On Tuesday, May 8, Tucson, Arizona, passed a long-overdue resolution banning the privatization of its jails and detention centers.
One more time, with emphasis: A city near the Mexican border in a state that’s home to some of the country’s harshest sentencing guidelines and the fourth-highest rate of incarceration in the US — with privately-run prisons and immigrant detention centers from one corner of the state to the other — is telling companies like GEO Group and CoreCivic that they’re not welcome around here.
“Profit should never be motivation for our justice system,” said Tucson City Councilmember Regina Romero, who spearheaded passage of the resolution.
Our little corner of Arizona has been so traumatized by mass incarceration — with per capita jail admissions almost 50 percent higher than our neighbors in Phoenix — that the Tucson City Council isn’t the first municipal body in these parts to pass such a resolution. That honor goes to Tucson’s counterparts at the Pima County Board of Supervisors, who voted last year for a similar ban against for-profit prison operators.
But while Tucson and Pima County are at the forefront of opposition to the privatization of municipal corrections and detention facilities in the state, we’re certainly not alone.
In August 2017, King County, Washington, passed legislation that prohibits the county from entering into any contracts with private prison companies to house adult or juvenile detainees. Just last month, the Indianapolis City-County Council approved an ordinance that proactively restricts the privatization of the city’s new jail and criminal justice center once it opens. While opposing the idea that Indianapolis even needed a new jail, prohibiting for-profit operation of the facility is an incremental move in the right direction.

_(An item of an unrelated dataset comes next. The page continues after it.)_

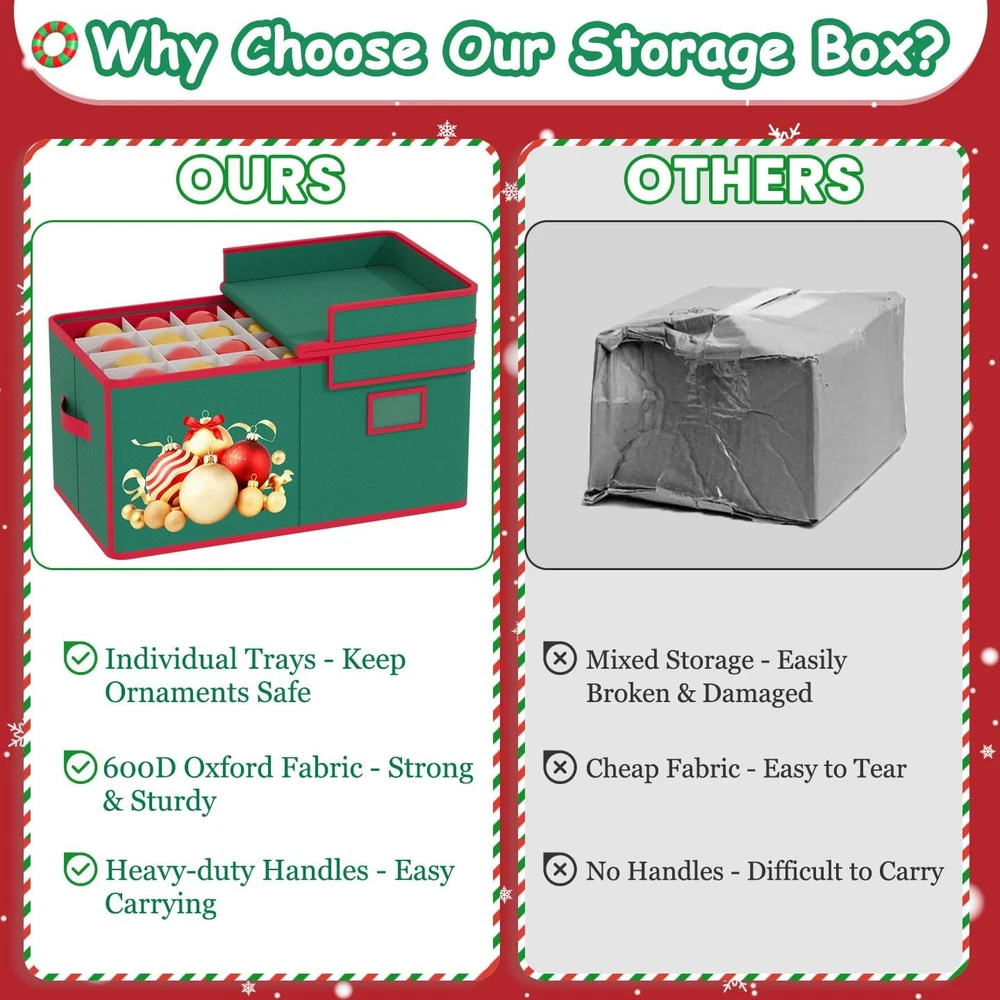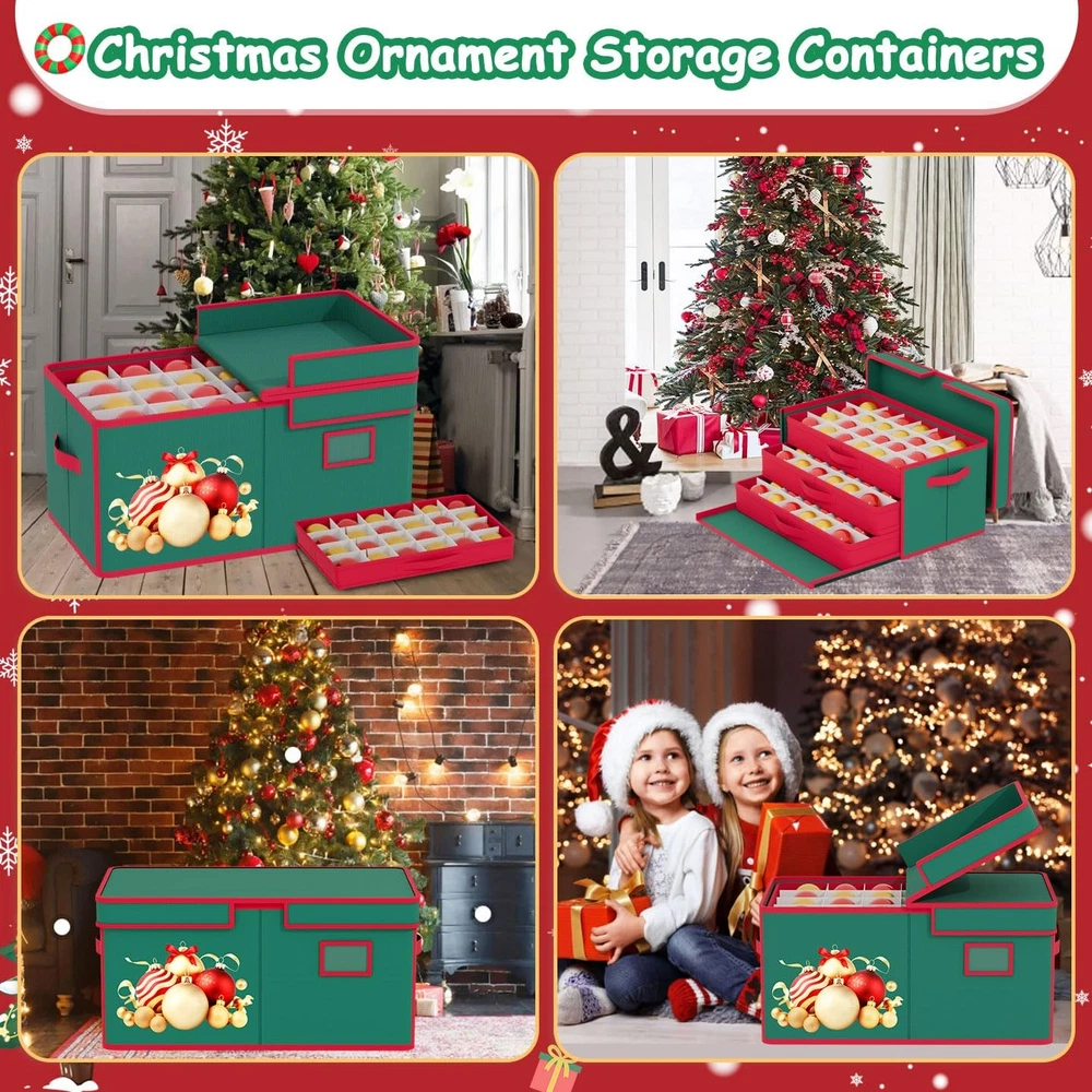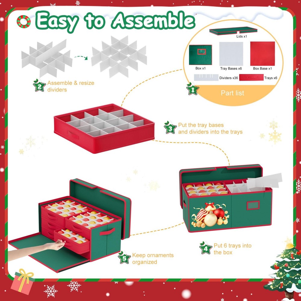 ornament storage box ornament organizer christmas ornament organizer ornament box christmas storage containers christmas ornaments storage box christmas storage box Features ❖1. Extra Large Capacity -- Our christmas ornament storage box measures 25.5 inches in length, 12.9 inches in width, and 9.5 inches in height. The christmas ornament organizer storage box includes 8 individual trays, each designed to securely hold ornaments. Each tray has ample room for ornaments, allowing for easy organization and safe handling. ❖2. Sturdy Material-- The christmas ornament storage containers features a 600D Oxford fabric exterior and cardboard dividers inside. The materials provide strength and stability, helping to keep ornaments separated, dust-free, and well-organized. ❖3.Foldable Design-- When not in use, the box is fully collapsible, allowing it to fold flat to save storage space. ❖4.Easy to Carry-- The christmas ornament boxes storage features sturdy side handles, making it easy to carry and transport, whether moving it around the house or to different storage areas. ❖5.Easy to Store-- Perfect for both long-term storage and quick access during the holiday season, this ornament storage box keeps your decorations safe, organized, and easy to transport. ❖❖❖ornament boxes ornament holder christmas organizers and storage christmas decoration storage❖❖❖ Christmas Ornament Storage Box Adjustable Dividers Store Up to 96 Holiday Ornaments 3 Inch Christmas Decoration Ornament Storage Containers Ornament Organizer with Lids & Removable Drawer Trays ★【Large Storage Space - Christmas Ornament Storage Box】The size of ornament storage box is 25.5" L x 12.9" W x 9.5" H, large to hold up 96 ornaments. The ornament holder provides ample space to keep them protected and neatly arranged for the next season. ★【8 Individual Trays - Christmas Ornament Storage】The ornament organizer includes 6 individual trays, each measuring 12.2" L x12.2" W x 3.3" H. These trays help in organizing and protecting your ornaments, preventing scratching and tangling. You can customize the layout to fit any shapes and sizes of ornaments. ★【Quality 600D Oxford Material- Christmas Ornament Boxes Storage】The Christmas ornament storage boxes are made of heavy duty 600D Oxford fabric and thick cardboard, sturdy and stable, to ensuring that your ornaments are protected from dust and damage throughout the year. ★【Easy to Carry - Ornament Boxes for Storage】The ornament storage box is dsigned with reinforced handles for effortless carrying, even when fully loaded with ornaments, perfectly suited for closets, attics and garage. ★【Keep Organized & Sapce Saving】With a collapsible design, the christmas ornament storage containers can be easily folded flat, making it easy to store without taking up much space. If you have any questions, don't worry, our professional customer service team will solve it for you in time.

In Mississippi, corrections officials and state legislators are now lamenting their contracts with companies like Management & Training Corporation (MTC), which operates the East Mississippi Correctional Facility (EMCF). A recent federal civil rights lawsuit alleges a multitude of violations at EMCF: A man with mental illness on suicide watch hanged himself; prisoners have been routinely beaten by gang members; and ill prisoners resorted to setting fires in their cells to finally get medical attention.
“I think in this state we built too many prisons, and we were over-incarcerating at some point,” Mississippi Department of Corrections Commissioner Pelicia Hall told a panel of state lawmakers last month. “Well, the trend has turned.”
MTC, GEO Group, CoreCivic and other corporations will tell you — among other falsehoods — that they cost taxpayers less than publicly run prisons, that they work to rehabilitate prisoners and provide meaningful substance abuse programs, and that you should ignore the fact that their business model is doomed if any of this were true.
Rehabilitative programming and addiction treatment inside private prisons and jails is practically nil, with a few “classes” led by underqualified civilians with dubious credentials. And the costs to taxpayers? Those extend far beyond the per diem rate private prison operators charge the state in myriad collateral costs, like low pay in exploited rural communities, high recidivism rates and inadequate medical care for prisoners that results in millions of dollars in damages for malpractice and negligence.
For those of us that are abolitionists, the concept of prisons and jails is foundationally immoral. But insomuch as our government’s present priorities include depriving people of their liberty, it’s immoral to hand this power over to for-profit corporations whose primary allegiance is to their shareholders — not to the people incarcerated, their families or the taxpayers footing the bill.
Tucson and Pima County get it. And if we in red-state, “tough-on-crime” Arizona are motivated to end their reign — along with Seattle and Indianapolis and frustrated lawmakers in Mississippi — companies like CoreCivic, GEO Group and MTC can be assured that it’s only a matter of time before the rest of the country follows.